Problem to solve: When you reproduce the data, keep every word exactly as it stands and leave the pictures out.

Dataset content:
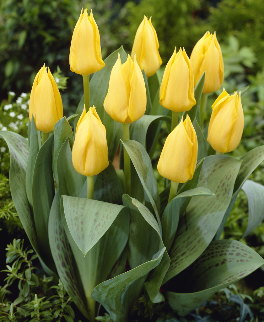 Tulipan niski żółty - Greigii Yellow wywodzi się z dziko rosnących tulipanów w Turkiestanie. Cechą charakterystyczna tej grupy są piękne szerokie wzorzyste liście, które zdobią rośliny nawet przed kwitnieniem. Powierzchnia liścia może być zdobiona przez paski, smugi, cętki. Niebywałą zaletą grupy Greiga jest wielkość kwiatu, w stosunku do całej rośliny. Bardzo duże, jajowate główki wyglądają bardzo efektownie. Ze względu na rozmiary, polecany jest na obwódki, do ogródków skalnych, na brzegi rabat mieszanych. Można nimi obsadzać powierzchnię w pobliżu krzewów. Bardzo ładnie prezentują się w ozdobnych pojemnikach. Mogą być nieszablonową dekoracją balkonów i tarasów. Zakwitają w połowie wiosny, na przełomie kwietnia i maja.
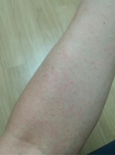 (서울=포커스뉴스)22일 질병관리본부가 공개한 지카바이러스 양성 판정을 받은 L(43)씨의 지난 21일 발진 사진. 질병관리본부는 현재 L씨는 발열이 없고 발진이 가라앉아 호전 중이라고 밝혔다. <사진제공=질병관리본부>
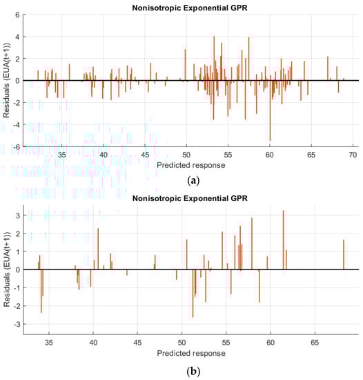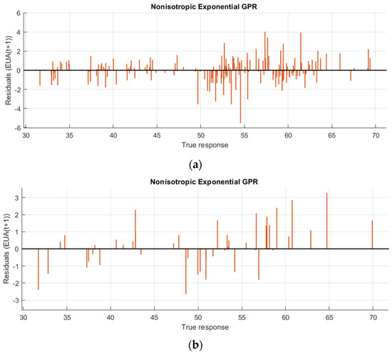 Dependence between residuals and predicted responses, using Non-isotropic Exponential GPR for (a) train data, (b) test data.
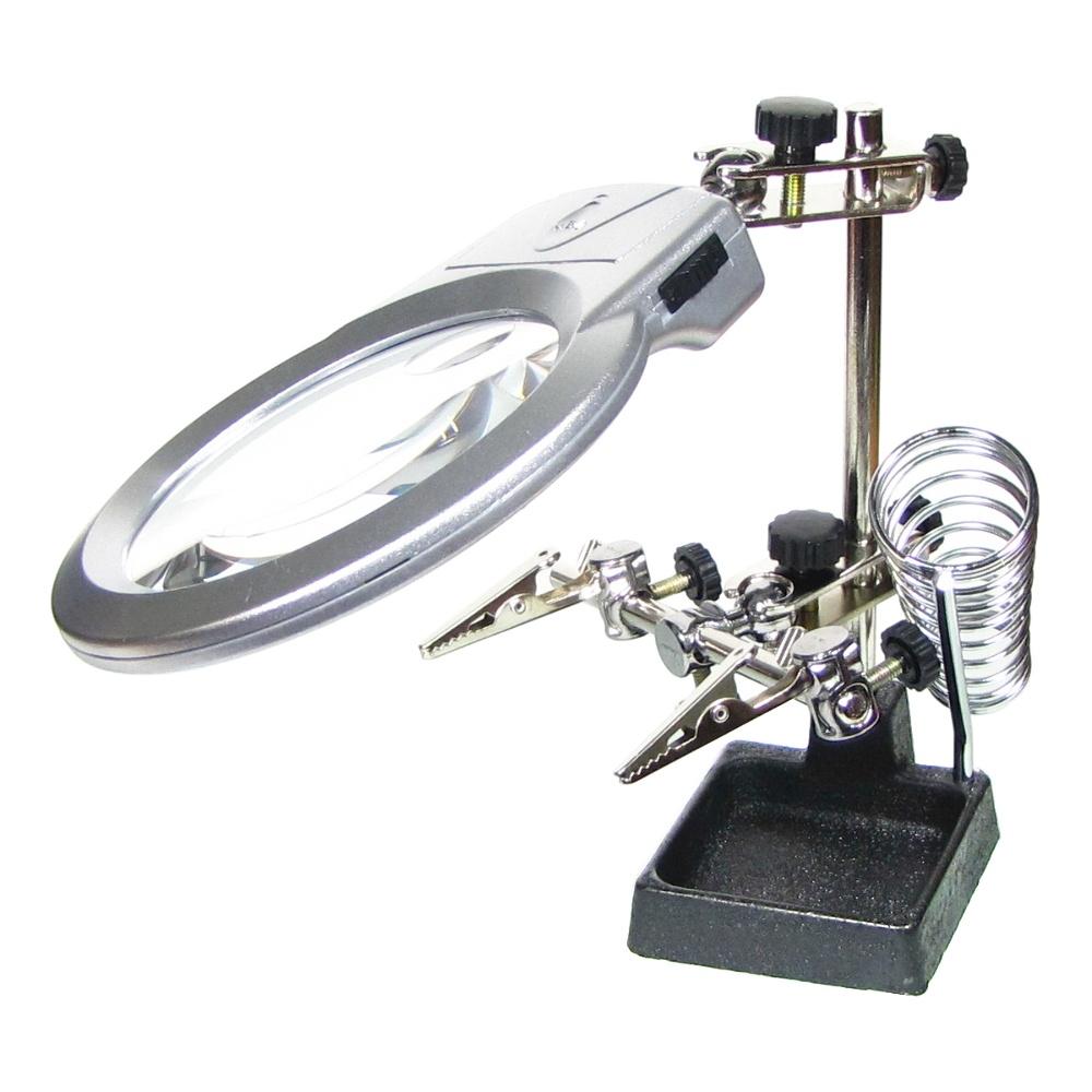 Держатель плат и паяльника MG16129-A с LED-подсветкой и двойной лупой (большая лупа d=90 мм, 2x; малая лупа d=21, 6x)

Answer to this problem:
 Tulipan niski żółty - Greigii Yellow wywodzi się z dziko rosnących tulipanów w Turkiestanie. Cechą charakterystyczna tej grupy są piękne szerokie wzorzyste liście, które zdobią rośliny nawet przed kwitnieniem. Powierzchnia liścia może być zdobiona przez paski, smugi, cętki. Niebywałą zaletą grupy Greiga jest wielkość kwiatu, w stosunku do całej rośliny. Bardzo duże, jajowate główki wyglądają bardzo efektownie. Ze względu na rozmiary, polecany jest na obwódki, do ogródków skalnych, na brzegi rabat mieszanych. Można nimi obsadzać powierzchnię w pobliżu krzewów. Bardzo ładnie prezentują się w ozdobnych pojemnikach. Mogą być nieszablonową dekoracją balkonów i tarasów. Zakwitają w połowie wiosny, na przełomie kwietnia i maja.
 (서울=포커스뉴스)22일 질병관리본부가 공개한 지카바이러스 양성 판정을 받은 L(43)씨의 지난 21일 발진 사진. 질병관리본부는 현재 L씨는 발열이 없고 발진이 가라앉아 호전 중이라고 밝혔다. <사진제공=질병관리본부>
 Dependence between residuals and predicted responses, using Non-isotropic Exponential GPR for (a) train data, (b) test data.
 Держатель плат и паяльника MG16129-A с LED-подсветкой и двойной лупой (большая лупа d=90 мм, 2x; малая лупа d=21, 6x)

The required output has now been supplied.